Problem description =>
Look through the records below for the line holding "Het resultaat is". Write it out exactly, with each following line through the line holding "生涯学習出前講座とは、市民が".

The input =>
───

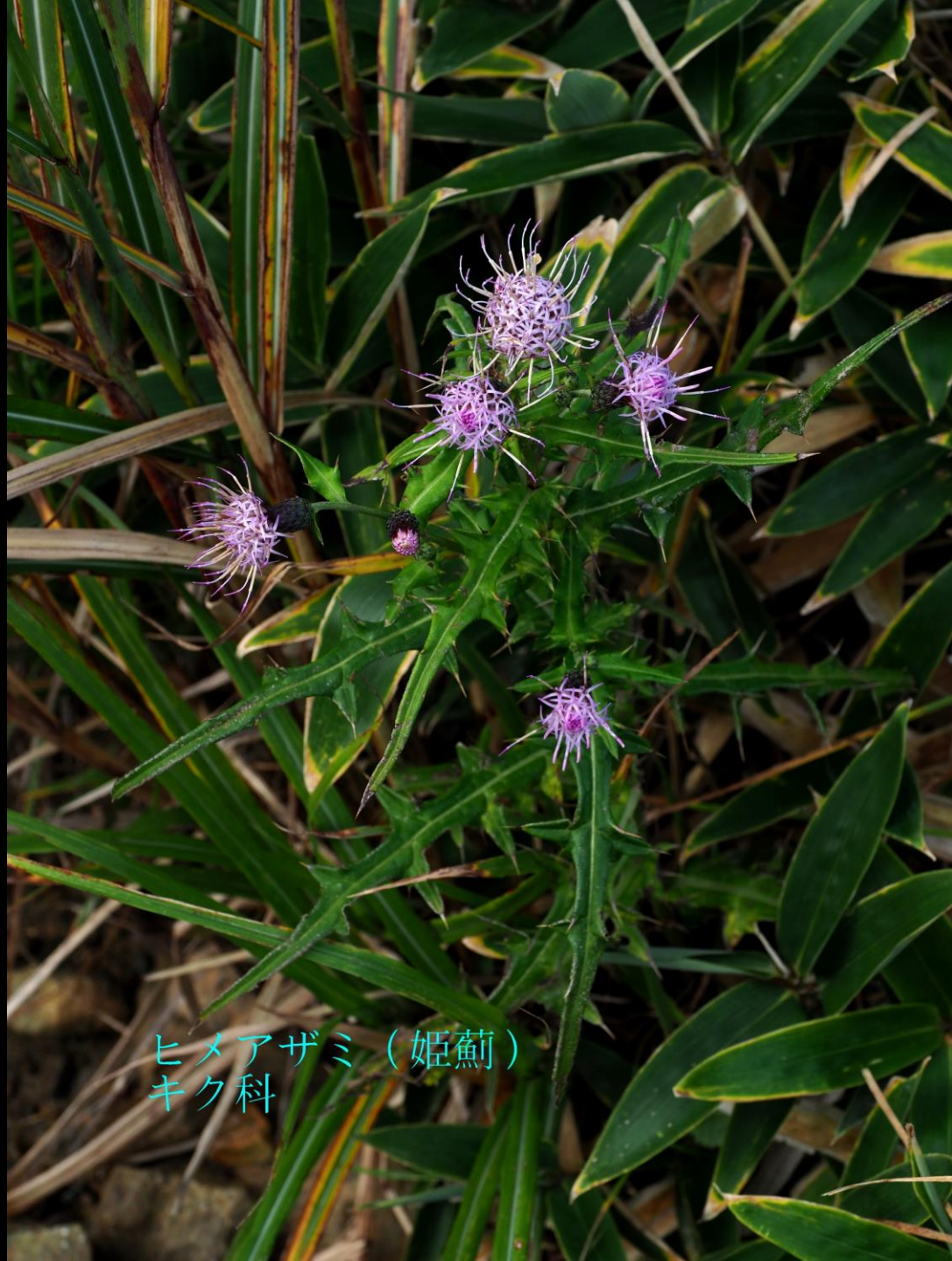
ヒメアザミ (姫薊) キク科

───

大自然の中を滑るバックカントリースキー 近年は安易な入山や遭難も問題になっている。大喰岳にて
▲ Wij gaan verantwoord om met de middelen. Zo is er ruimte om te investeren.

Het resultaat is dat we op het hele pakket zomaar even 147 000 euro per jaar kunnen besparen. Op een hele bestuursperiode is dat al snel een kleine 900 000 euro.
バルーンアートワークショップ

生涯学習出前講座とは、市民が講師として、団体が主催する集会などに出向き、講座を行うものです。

───

Result for this exercise =>
Het resultaat is dat we op het hele pakket zomaar even 147 000 euro per jaar kunnen besparen. Op een hele bestuursperiode is dat al snel een kleine 900 000 euro.
バルーンアートワークショップ

生涯学習出前講座とは、市民が講師として、団体が主催する集会などに出向き、講座を行うものです。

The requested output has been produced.